Search code examples
mongodbapache-kafkachangestream

MongoDB ChangeStream vs. Apache Kafka


I want to be able to continue processing data from MongoDB after ensuring the upsert writes to it (by me) were successful. I have two options to accomplish this:

  • Write to Kafka after the writes to MongoDB were successful (from the same job that wrote to Mongo)
  • Receive the events of the written documents through Mongo ChangeStream, and continue processing them from there

As for my understanding, I see that the advantages for Kafka are that it is distributed and enables to read from more than one instance (I understood ChangeStream doesn't easily let this one). The ChangeStream advantage I see is that it lets me know what kind of operation was that (I perform upsert, so that lets me get to know if each upsert was an insert or an update). I'm not asking which is better because it clearly serves different use cases. But are there any more features or disadvantages for any of these options that I'm missing here in my consideration?

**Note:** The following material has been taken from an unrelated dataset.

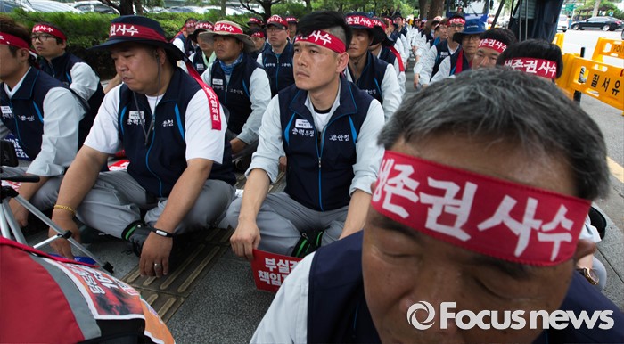 (서울=포커스뉴스) 13일 오전 서울 여의도 산업은행 본점 앞에서 삼성중공업 노동자협의회 관계자들이 고용안정 요구 및 정부의 조선업 구조조정을 규탄하는 상경 집회를 하고 있다.

I also understand that both enables to continue after the client's reads failed for a while (Kafka within its quota and ChangeStream with the resume token)


Solution

  • Two-phase commits can cause inconsistencies; you should only write to one location, and the one that you think is more highly available.

    If you already have Kafka, you can write to Mongo then use tooling such as Debezium to stream data from the oplog into Kafka (including the operation, for example). This is referred to as the "outbox pattern".

    Or you can write to Kafka and use the MongoDB sink connector to send data to the database.